As I understand the story, the F-15s were supersonic prior to reaching Seattle (over Olympia), not over Seattle.
Today, I was out to lunch at a restaurant near my place of work in downtown Seattle. The restaurant is on the Seattle bay waterfront and I was eating by myself. Suddenly everyone in the restaurant hears a very load BOOM. It was strong enough to feel.
As the F15 would have been flying on a north south bearing and as supersonic booms always trail the aircraft I think we can assume that the F15s flew past down town Seattle supersonically and most likely at altitudes > 20,000 ft. (The aircraft weren't really observed making the pass overhead)

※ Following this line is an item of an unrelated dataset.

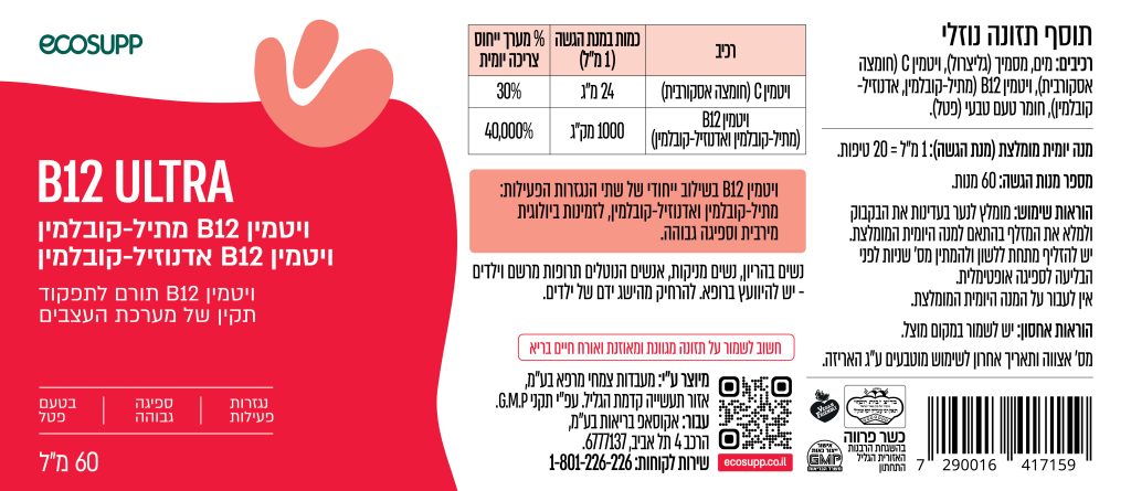 מוצרים נוזליים מתקדמים, כמו ULTRA B12 של אקוסאפ המשלב את 2 הנגזרות הפעילות (מתילקובלמין ואדנוזילקובלמין), מספקים צורות פעילות שניתנות לניצול מהיר בתהליכי אנרגיה ומטבוליזם.
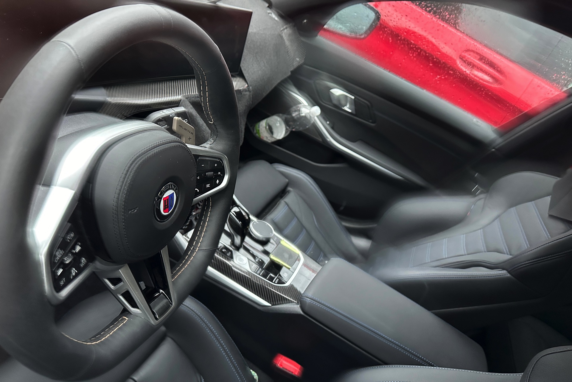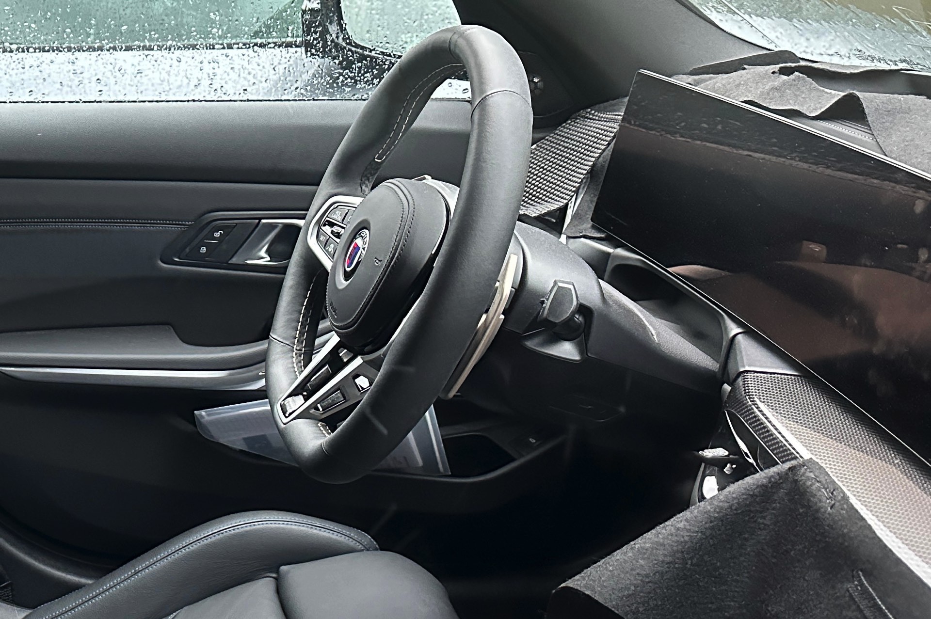 Während der Alpina B3 GT nur eine kleine Zielgruppe ins Visier nimmt, ist sein Cockpit für jeden einzelnen BMW 3er-Kunden von Interesse: Klar zu erkennen ist nicht nur die neueste Lenkrad-Generation, in diesem Fall garniert mit Schaltwippen im Stil des Alpina B5 GT, sondern auch ein neues Lüftungselement unterhalb des zentralen Touchscreen-Bereichs des Curved Displays: Obwohl der Innenraum teilweise verhüllt ist, lässt sich einer der Einstell-Knöpfe für die Lüftungsdüsen gut erkennen – und dessen Form und Position verraten eindeutig, dass hier der gleiche Look wie im BMW 4er Facelift 2024 Einzug halten wird.

Although F15s are very capable I have not really heard of a F15 exceeding Mach 1.5 and very rarely exceeding Mach 1.3 operationally. With external tanks and weapons supersonic flight would most likely have occurred at altitude i.e greater than 20,000 feet. The time differences going supersonic over a range of 150-200 miles at altitude to a low level subsonic flight plan would have been pretty negligible, after taking into account climb to height times and greater acceleration and deceleration times to eventually match the very slow level level target, i.e drop back down to a couple of thousand feet and 120 mph, which the F15s might have had to escort (the F15s would have had great difficulty maintaining the same speed as the float plane).
As I recall, the aircraft in question was a nonissue by the time the F-15s arrived anyway.
Again this make the supersonic flight over Seattle even more of a mystery. Even the F15s airborne RADAR probably wouldn't have been picked up the float plane until the F15 was within about 35-40 miles radius, by which time the float plane had apparently already landed or would have left the exclusion zone to make his landing approach.
Anyway getting back to the point of the thread, I would have personally been a little more concerned than other folks have stated hearing the sonic boom knowing that the PONUS was in town. Supersonic overland jet fighters usually mean a serious immediate war threat i.e. something like a Tu140 barrelling along somewhere nearby.